Nel caso Gubbio, si prenda per esempio come riferimento il ricorso sul traliccio della telefonia mobile a Padule: è opinione diffusa che in Comune già sapevano che sarebbe stato respinto, ma si è voluto comunque procedere con altre spese a carico dei cittadini per accontentare i comitati locali e ambientalisti. Non è dato sapere se la Corte dei Conti abbia vagliato questa specifica vicenda con le relative spese sostenute.

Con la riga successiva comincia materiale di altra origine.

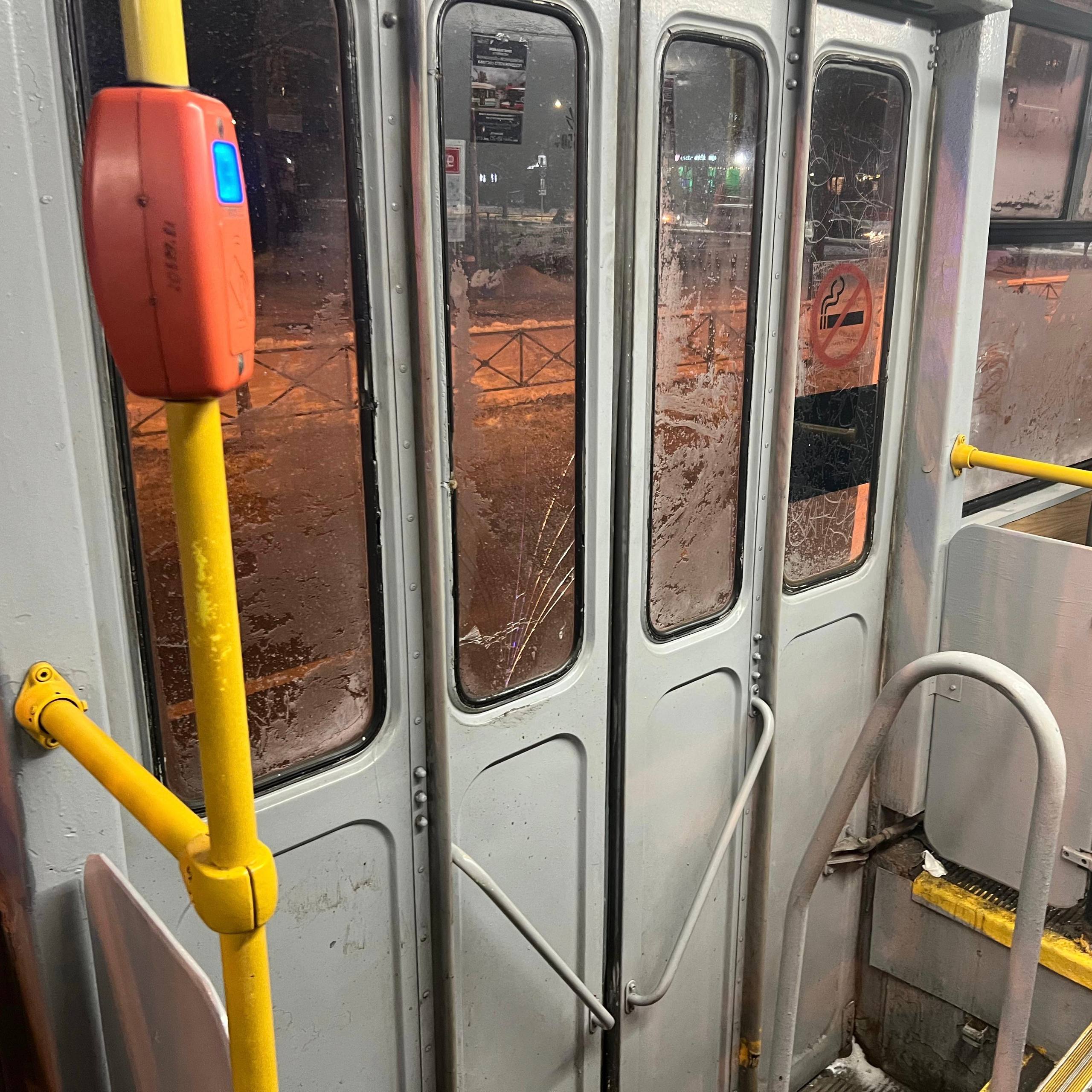 Перед судом предстанет пассажир трамвая, разбивший стекло двери

A livello politico, nella maggioranza ci sono le posizioni sulle spaccature interne rispetto al ricorso al Tar. I Liberi e Democratici (LeD) difendono la decisione della Giunta, ricordando come programma elettorale sia del 2014 che del 2019 abbia previsto apertamente ogni contrasto all’uso del Css e che chi oggi accetta l’autorizzazione senza voler andare sino in fondo tradisce il mandato degli elettori ed è incoerente con gli impegni politico-elettorali che ha sottoscritto.

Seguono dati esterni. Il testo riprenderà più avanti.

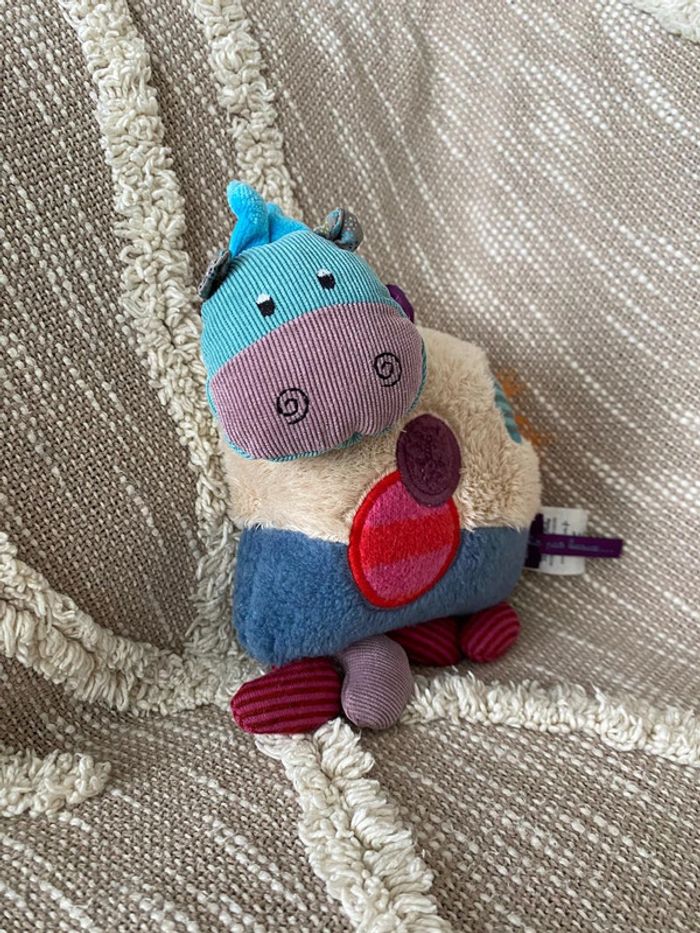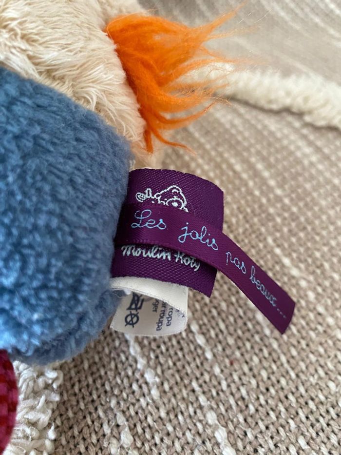 Peluche doudou 17cm moulin roty vache bleu rose rouge très bon état - photo numéro 2

Nel mirino ci sono soprattutto Francesco Zaccagni, uomo di punta della coalizione essendo stato designato e poi eletto internamente ai partiti anche come consigliere provinciale, e Riccardo Biancarelli, passato dai LeD nel Gruppo Misto per poi assumere la denominazione Democratici per Gubbio. Entrambi sono dipendenti di Colacem e sono favorevoli all’utilizzo del Css, anche se poi in sede consiliare hanno sempre votato atti e documenti avversi al Css, insieme alla maggioranza e a gran parte dell’assemblea che ha poi al suo interno gli stessi partiti di governo del Paese che hanno varato il Decreto semplificazione agevolante l’uso del combustibile solido secondario.
La posizione contraria al ricorso di Zaccagni e Biancarelli non sembra, secondo indiscrezioni interne alla coalizione, portare tuttavia ad azioni clamorose, che peraltro su altre vicende hanno già attraversato la maggioranza con diverse uscite di scena. Senza considerare, oltretutto, il dibattito a sinistra sul famigerato conflitto d’interesse che in quella parte politica funziona sempre a fasi alterne, a seconda delle situazioni e soprattutto degli avversari politici.
Zaccagni e Biancarelli non sarebbero cioè intenzionati né a lasciare la maggioranza né a dimettersi da consiglieri comunali, tra le sarcastiche osservazioni interne alla coalizione (e non solo) sulla coerenza e la linearità dei comportamenti politici nel sostenere pubblicamente una linea e nei palazzi della politica un’altra.